Key Concepts: Dynamics

UICollectionView allows us to display content in a flexible way, often times in a grid. UITableViews and UICollectionViews have very similar setups. Connect a data source and a delegate and you're halfway there!

For example:

UITableView method UICollectionView method
cellForRowAtIndexPath:(NSIndexPath *)indexPath cellForItemAtIndexPath:(NSIndexPath *)indexPath
numberOfRowsInSection:(NSInteger)section numberOfItemsInSection:(NSInteger)section
didSelectRowAtIndexPath:(NSIndexPath *)indexPath didSelectItemAtIndexPath:(NSIndexPath *)indexPath

A UICollectionView's layout is configured by a class called UICollectionViewLayout. In general, we will be using a predefined UICollectionViewLayout called UICollectionViewFlowLayout. This will arrange the items in a grid.

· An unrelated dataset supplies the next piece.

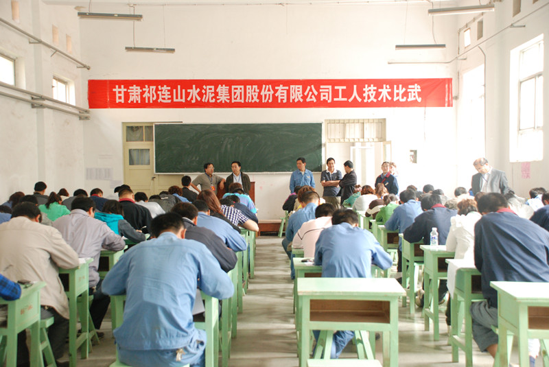 9月9日,公司职工技术比武理论考试分别在永登公司和天水公司进行。来自永登、红古、天水、平凉、青海、甘谷、成县、漳县公司的150余名电、钳、焊工种和窑磨中控操作员、质量控制工参加了考试。图为天水公司考场情景。

There is a physics engine built into UIKit! This physics engine allows non-gaming applications to take advantage of real world simulated properties such as elasticity and gravity. Springy view animations and deceleration are the result of this powerful engine that we have at our fingertips.

UIDynamicAnimator and behaviors are all hierarchically connected.

Blocks are snippets of code that can be passed around to objects. An integral part of GCD (Grand Central Dispatch), blocks provide a native mechanism to accomplish asynchronous tasks.

The block syntax is tricky, it takes developers a long time to internalize the block structure but don't worry about that. Blocks are way to pass around snippets of code into a method as you would a variable. You can tell a block by the ^ symbol used before the {. Use the built in Xcode code assistant to fill out the block syntax for you.